Florida to extend Medicaid coverage for new mothers to a full year postpartum [Miami Herald] – InsuranceNewsNet

For a decade, Florida lawmakers refused to extend eligibility for the public health insurance program, Medicaid, to all low-income adults, as mandated by the Affordable Care Act.

But this week Florida received approval from federal regulators to extend Medicaid benefits to a group of residents for whom state lawmakers had requested additional coverage: new mothers.

Florida will join California, Kentucky and Oregon as states newly approved to expand postpartum Medicaid coverage for eligible women from 60 days to 12 months — a policy change that will benefit approximately 126,000 women in those four states, including 50,000 women in Florida.

Illinois, Louisiana, Michigan, New Jersey, Caroline from the south, Tennessee and Virginia already extended postpartum Medicaid and Children’s Health Insurance coverage for a year.

Essential for new mothers, infants

The extension is key to ensuring maternal and child health, as most new mothers receiving Medicaid in Florida become uninsured once their 60-day coverage period ends, said Alison Yagernonprofit group executive director Florida Health Justice Projectwho took the initiative to lobby state legislators for coverage expansion.

“When parents are covered, they’re more likely to have child care,” said Yager, who added that expanding Medicaid coverage will also help ensure mothers have a chance of staying healthy between pregnancies.

“One year of postpartum coverage is not enough to ensure people who give birth stay healthy throughout their childbearing years,” she said. “Any obstetrician will tell you that we need medical coverage before pregnancy, during pregnancy and after pregnancy.”

Florida legislators have budgeted approximately $240 million for the extension of postpartum Medicaid coverage, although the state will only pay approximately $89 million of this amount and the rest will be covered by the federal government. The extension should come into force July, 1st.

Medicaid paid nearly 50% of all Florida births in 2020, according to the Florida Department of Healthand extending health insurance coverage to these mothers will help them access doctors, treat chronic conditions, and find mental health services during the postpartum period.

Cover to be withdrawn after one year

After a year, however, it won’t be easy for mothers to keep their Medicaid coverage. Florida. Pregnant women may qualify for coverage if they earn less than 196% of the federal poverty level, or approximately $26,500 one year for an individual.

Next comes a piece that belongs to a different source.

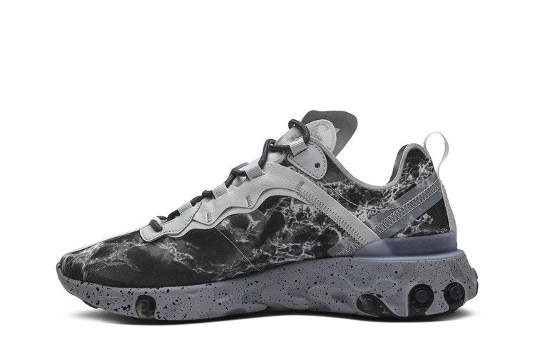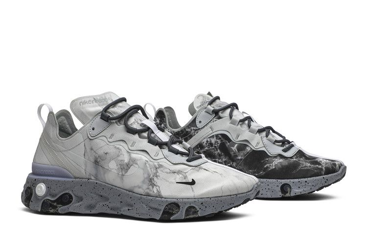 The Nike React Element 55 Kendrick Lamar features a split marble graphic on the upper, inspired by yin and yang and referencing the artist's alter-ego Kung Fu Kenny. It includes a speckled React cushioned sole for comfort. Released on November 2019, the Nike React Element 55 Kendrick Lamar is available now at Side Kicks.

After the pregnancy coverage period ends, the same mother cannot earn more than 30% of the federal poverty level, or approximately $7,000 one year for a family of three, to qualify for Medicaid in Florida.

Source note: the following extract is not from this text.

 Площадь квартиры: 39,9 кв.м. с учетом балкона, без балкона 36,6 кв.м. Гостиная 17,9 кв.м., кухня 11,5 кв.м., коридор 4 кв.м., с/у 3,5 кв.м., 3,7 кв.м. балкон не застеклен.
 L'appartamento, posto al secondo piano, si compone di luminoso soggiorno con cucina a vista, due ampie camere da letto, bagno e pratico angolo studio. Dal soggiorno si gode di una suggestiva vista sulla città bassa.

Florida also has categorical exclusions for Medicaid coverage. Single adults without dependent children or with physical disabilities cannot qualify. Only adults who meet the income limits and who are also pregnant or have dependent children, or who are blind or disabled, or who are 65 and older can qualify.

Children whose parents respect the state income limits – between $31,000 and $46,000 for a family of three – also eligible for Medicaid coverage in Florida.

More than 5.2 million Floridians were enrolled in Medicaid as of April and about half of them are children, according to the state. Agency for Healthcare Administration, which administers the program. Medicaid enrollment increased steadily in Florida and elsewhere since the federal government declared a public health emergency due to the COVID-19 pandemic in March 2020.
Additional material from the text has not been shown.